The House Ways and Means Committee voted early Wednesday to advance a nearly 400-page tax bill that includes many of President Donald Trump’s policy priorities, including an increase in the lifetime estate tax exemption to $15 million and a permanent extension of the current income tax brackets.

Also included in the bill are two provisions that are of consequence to financial advisors with small-business owner clients. One would reinstate the 100% bonus depreciation policy that was created by the 2017 tax overhaul known as the Tax Cuts and Jobs Act, and the other would increase and make permanent the qualified business income deduction.

Writing about the development on X, the financial planning expert Jeff Levine noted that the bonus depreciation policy is important, but it’s not a “permanent fix.” That is, the legislation would only extend 100% bonus depreciation through 2029, and the same is true for related provisions that would allow for the full expensing of research and experimental costs.

Also notable is a provision to allow 100% deductibility of the cost of certain new factory developments and existing facility updates, set to sunset in 2028.

Despite the limited timeframe, Levine said, these developments are a “BIG deal,” especially for advisory clients who are real estate professionals or manufacturers.

100% Bonus Depreciation

As ThinkAdvisor has previously reported, bonus depreciation is an additional amount of first-year depreciation that businesses can take on the purchase of qualifying business equipment. The Tax Cuts and Jobs Act expanded the types of equipment on which additional depreciation could be taken to include not only new equipment but some used equipment as well.

Qualified property eligible for bonus depreciation generally includes depreciable assets with a recovery period of 20 years or less, such as vehicles, furniture, manufacturing equipment and heavy machinery. The list also includes computer software, water utility property, and qualified film, television or live theatrical productions.

In many cases, the TCJA allowed for 100% bonus depreciation, but it also set time limits on the policy, such that equipment purchases placed in service between Sept. 27, 2017, and Jan. 1, 2023, were eligible. Beginning in 2023, the amount of bonus depreciation started to decrease by 20% each year — effectively phasing it out in full beginning in 2027.

A new analysis published by the center-right American Action Forum puts the price tag of extending 100% bonus depreciation through 2029 at $37 billion. The policy allowing full expensing of research and experimental costs through 2029 would cost another $23 billion, the policy institute reports.

Qualified Business Income Deduction

As noted, the House tax proposal seeks to make Section 199A deductions for qualified business income (QBI) both permanent and more generous — increasing the potential deduction to 23% from 20%.

The 2017 tax reform legislation has allowed pass-through entities (such as partnerships, S corporations and sole proprietorships) to deduct 20% of qualified business income. Like many TCJA provisions, the rules are set to expire at the end of this year.

Importantly, “service businesses” (including attorneys, accountants, doctors, financial advisors, and certain other service-related professionals) are currently not entitled to the full 20% deduction if the business owner's taxable income exceeds certain threshold amounts.

Extending the QBI deduction and increasing the maximum from 20% to 23% will cost some $820 billion, according to the AAF report.

Brackets and the Alternative Minimum Tax

The current tax bill would maintain the individual Alternative Minimum Tax (AMT) but make permanent the TCJA’s increase in the AMT exemption and the income levels at which the exemption phases out.
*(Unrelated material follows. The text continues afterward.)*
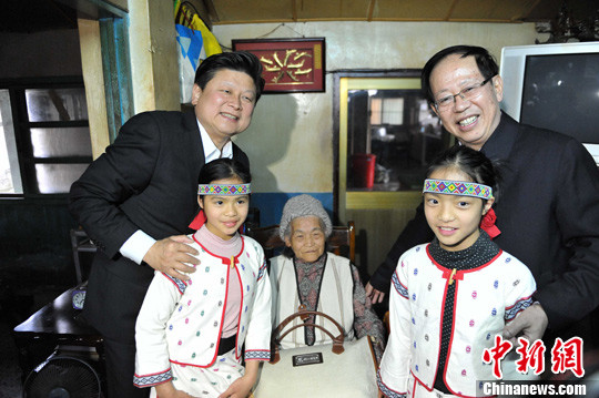 2月22日,廣西壯族自治區黨委副書記危朝安一行深入臺灣花蓮基層民眾家中和田間地頭,與他們敘親情、談友誼,共同探討農業生產發展之路。在萬榮鄉萬榮村,危朝安看望了80歲村民彭記妹,向她贈送了慰問品。圖為危朝安(右)、花蓮縣縣長傅崐萁與老人及老人孫女合影。中新社發 蔣雪林

On the individual side, as described in the AAF report, the bill would make permanent the currently reduced individual income tax rate structure of 10%, 12%, 22%, 24%, 32%, 35% and 37%. It would maintain the use of the chained consumer price index for the annual cost-of-living adjustment (COLA), though it would add an additional year of inflation into the calculation of the COLA.
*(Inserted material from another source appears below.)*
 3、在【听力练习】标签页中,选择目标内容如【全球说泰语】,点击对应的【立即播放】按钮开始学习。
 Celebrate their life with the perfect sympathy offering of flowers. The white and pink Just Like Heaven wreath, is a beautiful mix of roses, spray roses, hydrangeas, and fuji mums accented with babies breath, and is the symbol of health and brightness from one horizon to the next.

Further, the bill would make the TCJA’s increased standard deduction permanent and maintain the use of the chained CPI for the annual COLA. For tax years 2025 to 2028, the bill would increase the standard deduction by an additional $1,000 for individuals, $1,500 for heads of households, and $2,000 for couples.

A Big Deal for Advisors?

Responding to a request for comment from ThinkAdvisor, Matthew Chancey, a tax specialist certified financial planner and author, said the extension of the 100% bonus depreciation and QBI policies is a significant development for clients — but not one he expects will have a big impact on most advisors’ practices.

“Are they good for business owner clients? Yes,” Chancey said. “But it will primarily [affect] clients that are already doing things in their business to benefit from [these policies] and not advisors bringing ideas to their clients attention as opportunities to do things differently in a more tax smart way.”